From: Joshua Maurice on
On Mar 30, 8:14 pm, Herb Sutter <herb.sut...(a)gmail.com> wrote:
> On Tue, 30 Mar 2010 16:37:59 CST, James Kanze <james.ka...(a)gmail.com>
> wrote:
>
> >(I keep seeing mention here of instruction reordering. In the
> >end, instruction reordering is irrelevant. It's only one thing
> >that may lead to reads and writes being reordered.
>
> Yes, but: Any reordering at any level can be treated as an instruction
> reordering -- actually, as a source code reordering. That's why all
> language-level MM discussions only bother to talk about source-level
> reorderings, because any CPU or cache transformations end up having
> the same effect as some corresponding source-level reordering.

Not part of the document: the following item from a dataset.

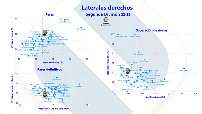 Esa buena capacidad en las disputas también la fue capaz de trasladar al juego aéreo. Su 172 centímetros le colocan como un lateral ‘bajito’, alejado del perfil más moderno de defensor de banda. Pero su altura no le limita a la hora de competir por alto, como demuestra el hecho de que se situase algo por encima de la media de los laterales derechos de la categoría (con más de 800 minutos) en cuanto a duelos aéreos ganados (el 47%, siempre según Wyscout).

Not quite, no. On "weaker guarantee" processors, let's take the
following example:

/*
start pseudo code example. Forgive me for any "typos". This is off the
top of my head and I haven't really used lambda functions.
*/
int main()
{ int a = 0;
int b = 0;
int c[4];
int d[4];
start_thread([&]() -> void { c[0] = a; d[0] = b; });
start_thread([&]() -> void { c[1] = a; d[1] = b; });
start_thread([&]() -> void { c[2] = a; d[2] = b; });
start_thread([&]() -> void { c[3] = a; d[3] = b; });
a = 1;
b = 2;
cout << c[0] << " " << d[0] << '\n'
<< c[1] << " " << d[1] << '\n'
<< c[2] << " " << d[2] << '\n'
<< c[3] << " " << d[3] << endl;
}
//end pseudo code example

On some modern processors, most (in)famously the DEC Alpha with its
awesome split cache, this program in the real world (or something very
much like it) can print:
0 0
0 2
1 0
1 2

Specifically, this is a single execution of the program. In this
single execution, the writes "a = 1; b = 2;" are seen to happen in two
different orders, the exact same "store instructions" become visible
to other cores in different orders. There is no (sane) source code
level reordering that can achieve this. I tried to emphasize this else-
thread: you cannot think about threading in terms of "possible
interleavings of instructions". It does not portably work. Absent
synchronization, on some processors, there is no global order of
instructions.


--
[ See http://www.gotw.ca/resources/clcm.htm for info about ]
[ comp.lang.c++.moderated. First time posters: Do this! ]

From: James Kanze on
On 31 Mar, 04:14, "Leigh Johnston" <le...(a)i42.co.uk> wrote:
> "James Kanze" <james.ka...(a)gmail.com> wrote in
> messagenews:da63ca83-4d6e-416a-9825-c24deed3e49f(a)10g2000yqq.googlegroups.com...

> <snip>

> > Double checked locking can be made to work if you introduce
> > inline assembler or use some other technique to insert a
> > fence or a membar instruction in the appropriate places.
> > But of course, then, the volatile becomes superficial.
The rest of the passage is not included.